## TASK DIRECTIONS
Using only the entries below, copy exactly the lines that begin at the one with "Porte grande. Ele" and end at the one with "Crafted with sprouted", both included. Drop the pictures.

## SUPPLIED RECORDS
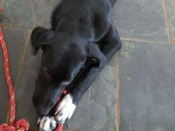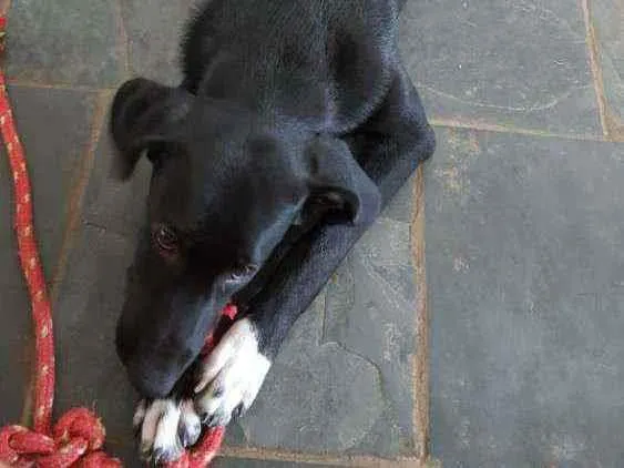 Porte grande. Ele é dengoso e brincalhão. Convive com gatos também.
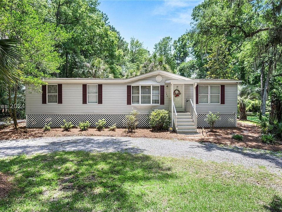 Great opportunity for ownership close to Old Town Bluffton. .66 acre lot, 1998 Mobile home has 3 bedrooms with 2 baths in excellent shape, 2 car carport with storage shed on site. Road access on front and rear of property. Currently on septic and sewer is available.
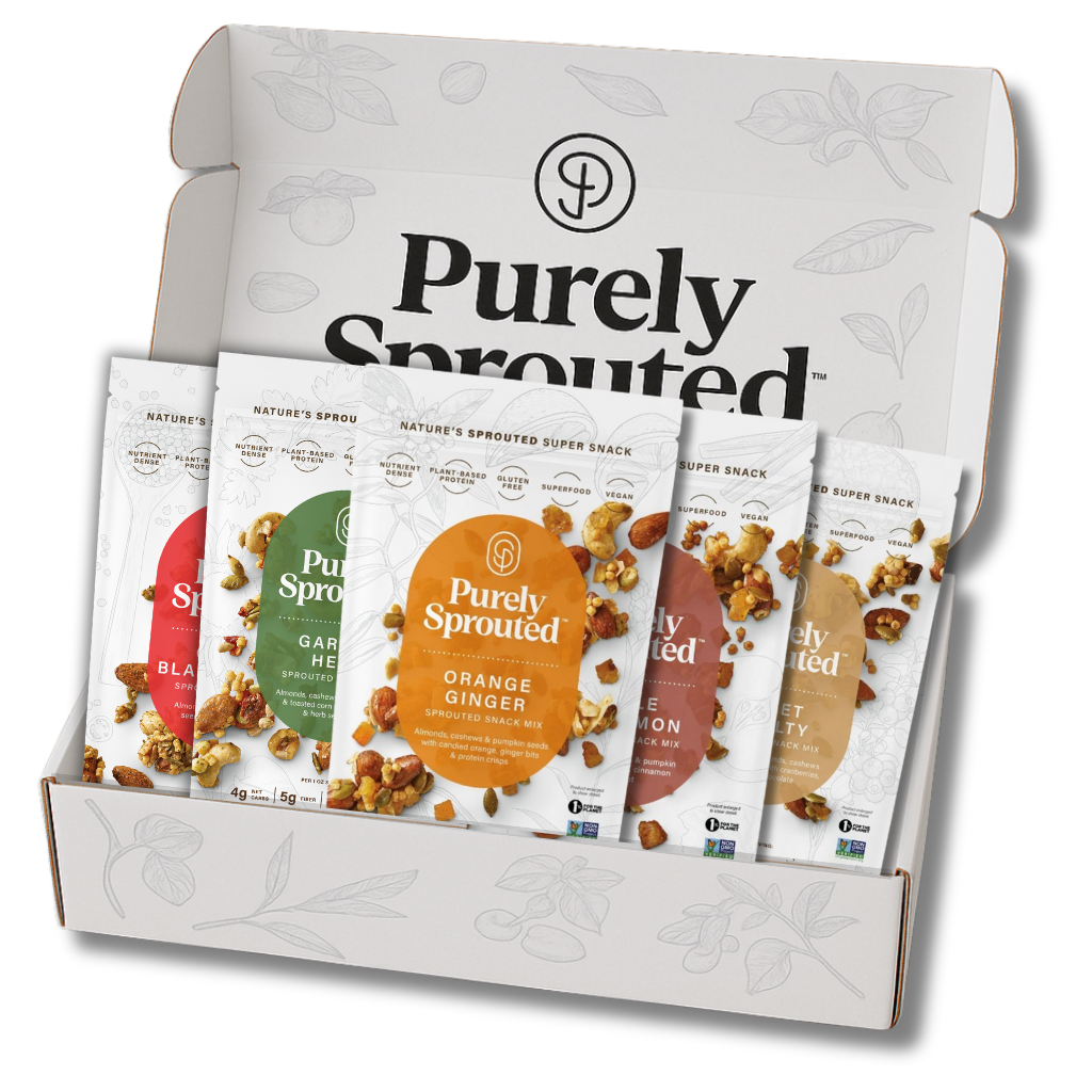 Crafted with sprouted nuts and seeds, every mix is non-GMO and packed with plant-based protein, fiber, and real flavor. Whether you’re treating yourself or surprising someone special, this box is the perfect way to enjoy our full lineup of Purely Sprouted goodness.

==

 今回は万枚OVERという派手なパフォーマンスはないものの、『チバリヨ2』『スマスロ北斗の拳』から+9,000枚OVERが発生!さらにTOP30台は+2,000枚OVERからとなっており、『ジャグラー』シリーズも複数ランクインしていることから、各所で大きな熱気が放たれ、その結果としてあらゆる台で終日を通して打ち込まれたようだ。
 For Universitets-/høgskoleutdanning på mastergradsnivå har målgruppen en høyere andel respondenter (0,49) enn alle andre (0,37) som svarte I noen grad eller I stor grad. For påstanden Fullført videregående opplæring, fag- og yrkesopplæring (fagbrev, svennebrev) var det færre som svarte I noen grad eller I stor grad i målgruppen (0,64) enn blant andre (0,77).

---

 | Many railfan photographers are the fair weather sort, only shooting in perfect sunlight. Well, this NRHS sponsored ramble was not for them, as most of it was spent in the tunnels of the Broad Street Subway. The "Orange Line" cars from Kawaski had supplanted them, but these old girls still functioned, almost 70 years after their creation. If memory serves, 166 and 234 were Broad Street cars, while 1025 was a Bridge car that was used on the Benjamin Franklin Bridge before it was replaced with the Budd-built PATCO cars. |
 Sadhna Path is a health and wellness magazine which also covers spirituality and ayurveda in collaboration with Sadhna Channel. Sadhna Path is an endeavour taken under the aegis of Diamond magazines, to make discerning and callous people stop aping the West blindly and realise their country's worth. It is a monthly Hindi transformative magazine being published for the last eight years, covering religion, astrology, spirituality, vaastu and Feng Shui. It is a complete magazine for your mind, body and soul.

## EXPECTED OUTPUT
 Porte grande. Ele é dengoso e brincalhão. Convive com gatos também.
 Great opportunity for ownership close to Old Town Bluffton. .66 acre lot, 1998 Mobile home has 3 bedrooms with 2 baths in excellent shape, 2 car carport with storage shed on site. Road access on front and rear of property. Currently on septic and sewer is available.
 Crafted with sprouted nuts and seeds, every mix is non-GMO and packed with plant-based protein, fiber, and real flavor. Whether you’re treating yourself or surprising someone special, this box is the perfect way to enjoy our full lineup of Purely Sprouted goodness.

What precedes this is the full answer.